Douglas Bastard's Rants of Rage


This article was written on 27 Dec 2014, and is filled under Uncategorized.


It’s that strange twilight period between Christmas and New Year when a mind suddenly not fixed on festivities turns in on itself in introspection and so it proves for me. And I’m thinking about why I got involved with the evangelical church and, just as presciently, why I left.

The answer is that I was looking for something which the evangelicals are very good at providing, but like all transactions, it’s something that rewards you just as it takes something away. What I got, as a friend of mine pointed out, is love and acceptance. For the duration of the time that I was there, I got those things in rich abundance.

I had people to listen to me talk about mental illness, who empathised with my struggle and were prepared to meet me where I was. In time, I was allowed to speak at church services, articulate the nature of my problems and put the theological perspective on them. The reward was praise, many friends and a real feeling of warmth.

But there were also some weighty figures in the debit column. For a start, there was the idea that you had to accept the Bible, in its entirety, as wholly inerrant. Every single word was to be regarded as if it was hewn from granite, even though we were reading from a translation and even though, in a long working life of working with text, I know that the chance of an idea making it from the writer’s mind onto the printed page and out into publication, wholly unchanged, is remote in the extreme.

Equally, you were supposed to assume that to be gay was a terrible and largely insurmountable burden. You could choose to be celibate, live what seems like a rather desperate life by claiming to be cured and marry some luckless unfortunate or, it seems, go flagrantly mad in a world of denial. The church seemed to cope with this by choosing not to talk about it, even though this was one of its core beliefs.

I remember once, when we went out for a curry, seeing noses wrinkled in revulsion that I’d been to see Liberace the movie and being told that the Holy Spirit had ‘cured’ people. This is fatuous nonsense, of course, and I’m able to see it for the hateful nonsense it is and laugh, but what if I was gay? What feelings would I have come away from the evening with?

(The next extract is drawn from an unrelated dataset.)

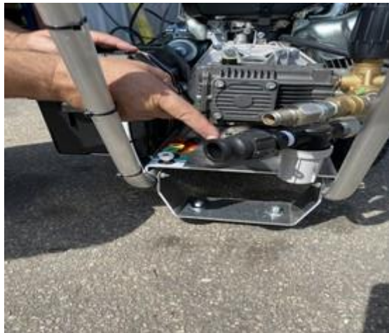
Connect Feed Pump to Water Inlet - Figure #10

Inspect inlet connection (Figure-10) to ensure that it is not clogged. Clean if necessary

What seemed then, as it seems now, is that this intolerance was manifested by friends who had bright, shining faces and eyes that suggested they had seen the bright lights of heaven on the horizon and want to run towards it with hearts ablaze with certainty. It’s seductive and there are people who allow themselves to be seduced by it for their whole lives.

Not me, I’m afraid. If you’re an evangelical, you’d say that this is because I don’t love Jesus enough, which may be true, but in the same way that I don’t the Bible is inerrant, I don’t think that homosexuality is any kind of sin. The problems encountered by gay people seem to be ones that straight society has stuck in their way to try and coerce them into silence or tell them that their narratives don’t matter.

I’ve seen any one of a number of commentaries by supposed Christians who claim that being gay is a form of mental illness. Well, if society had told me my sexuality was aberrant or wrong and should not be talked about in polite society, I’m fairly sure I’d be mentally ill as well, so that’s perhaps not a surprise and it’s also perfectly possible to be gay and to not have known a day’s mental illness in your life. Confirmation bias suggests that you’ll find evidence of what you’re looking for, and that is certainly the case with people who want all gays to be suffering some form of mental problem.

The thing with walking away from a place where you receive love and affection is that it hurts. A lot. You closed the door on all those emotions and chose to walk away. Well, I did, because I decided that the price I was paying in accepting Biblical inerrancy was and the wrongness of gayness was just too high. And the end, when it came, was quick. I walked away, sent an email and disengaged.

You could argue that the fact I found another church suggests that I was still looking and I think that’s true to some extent but, and here comes as slippery a piece of intellectual dishonesty as you’ll ever see, the reward isn’t so flagrantly offered in this church. It has to be mined for, searched out and can only be glimpsed through thick trees. And I’m fine with that. I don’t need to have my senses assailed each and every Sunday by a worship band and people exhorting me to ever greater praise. It’s intrusive, coercive and it feels like I’m being spiritually prostituted.

Perhaps I’ll develop these themes some other time, because it seems that there’s some merit in the idea of spiritual prostitution, but for now it’s enough to say that I’m happy with my reasons for leaving. More than happy. I’d rather be on a rocky, uncertain path than one that was bright, shining and paved with false truths.